[발표용] Learning Factorized Multimodal Representations

Eun·2023년 2월 19일

study

목록 보기

2/2

ICLR 2019

Learning Factorized Multimodal Representations

논문 세 줄 요약

1) Multimodal representation learning을 잘 하기 위한 Multimodal Factorization Model(MFM)을 제안

MFM의 장점) 좋은 multimodal representation을 학습할 수 있음

2) MFM은 multimodal representaion을 multimodal discriminative factors와 modality-specific generative factors로 factorize(분해)함

기여점) 기존 연구들은 두 discriminative factor와 generative factor 중 하나만 사용했는데 이번 연구에서는 둘 다 사용했다.
그리고 generative facotr도 각 모달별 factor로 또 분해해서 사용했다.

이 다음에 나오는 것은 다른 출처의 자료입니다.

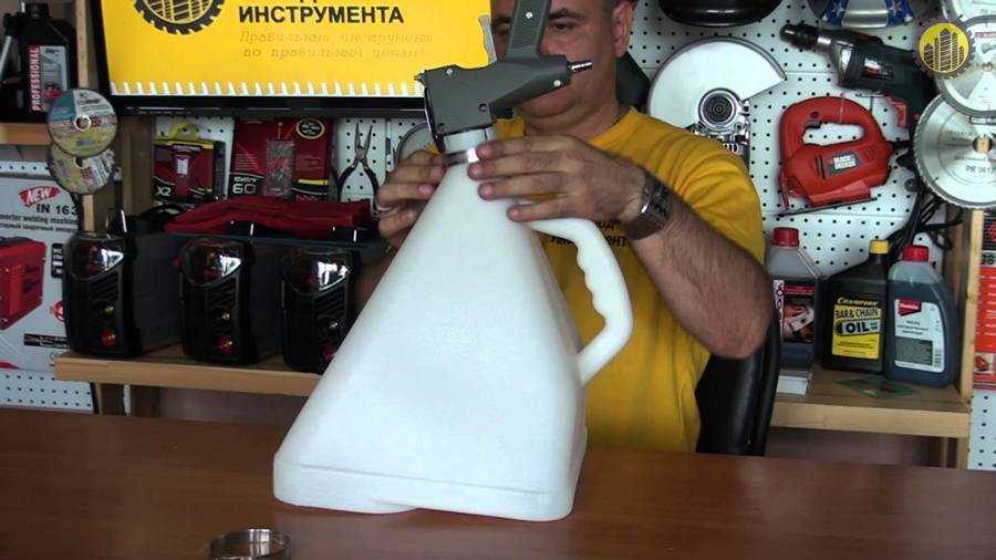 Для смеси применятся емкость довольно большого размера, что позволяет работать, не отвлекаясь на приготовление раствора, дольше.

3) 그래서 우리 모델은 분류와 생성을 모두 잘한다!

Background

Discriminative model

데이터 $𝑋$ 가 주어졌을 때 라벨 $𝑌$ 가 나타날 조건부 확률 $P(𝑌|𝑋)$ 를 직접적으로 반환하는 모델

$Y$ 를 잘 구분하는 결정경계를 학습하는 것이 목표 (supervised learning)

대표적인 예시) 선형회귀, 로지스틱회귀

Generative model

데이터 𝑋가 생성되는 과정을 두 개의 확률모형 $(P(𝑌), P(𝑋|𝑌))$ 으로 정의하고, 베이즈룰을 사용해 $P(𝑌|𝑋)$ 를 간접적으로 도출하는 모델

분포를 학습하는 것이 목표

$P(𝑋|𝑌)$ 를 구축하기 때문에 X를 생성 할 수 있음

레이블 Y가 있으면 supervised, 없으면 unsupervised

대표적인 예시) 가우시안믹스처 모델, 토픽 모델링

Multimodal representation learning의 두 가지 주요 pillar(기둥, 방향)는 Discriminative와 Generative였음

이전까지는 Discriminative objectives와 generative objectives를 각각 고려했음

1. Discriminative representation learning
Conditional distribution $P(Y|X_{1:M})$ 를 모델링함
이 방법은 $P(X_{1:M})$ 를 명시적으로 모델링하지 않아도 되기 때문에 효율적으로 파라미터를 사용할 수 있음

Tsai & Salakhutdinov, 2017
one-shot image recognition을 향상하기 위해 linguistic attributes에 최대로 의존하는 visual representations을 학습
Liu et al., 2018; Zadeh et al., 2017
language와 visual 그리고 acoustic modalities 사이의 interactions을 모델링하기 위한 tensor product mechanism을 소개함
-> 세정님이 첫 주차에 발표하신 논문!! (https://asidefine.tistory.com/203)

2. Generative representation learning
joint distribution $P(X_1, ... , X_M)$ 를 모델링하여 modalities 간의 interactions를 포착

unidirected graphical model (Srivastava & Salakhutdinov, 2012)
directed graphical model (Suzuki et al., 2016b)
neural network (Sohn et al., 2014)

(Pham et al.,2018; Ngiam et al., 2011)
multimodal data를 discriminative tasks에서 사용되는 lower-dimensional feature vectors로 압축하는 방법

MFM은 두 접근 방법의 장점을 통합하기 위해 아래의 두 방법을 사용
1) multimodal representations을 generative와 discriminative components로 factorizes
2) joint objective를 최적화

Factorized representation learning
분리된 data representations을 학습하여 task를 향상을 시키는 것과 유사함 (Kulkarni et al., 2015; Lake et al., 2017; Higgins et al., 2016; Bengio et al., 2013)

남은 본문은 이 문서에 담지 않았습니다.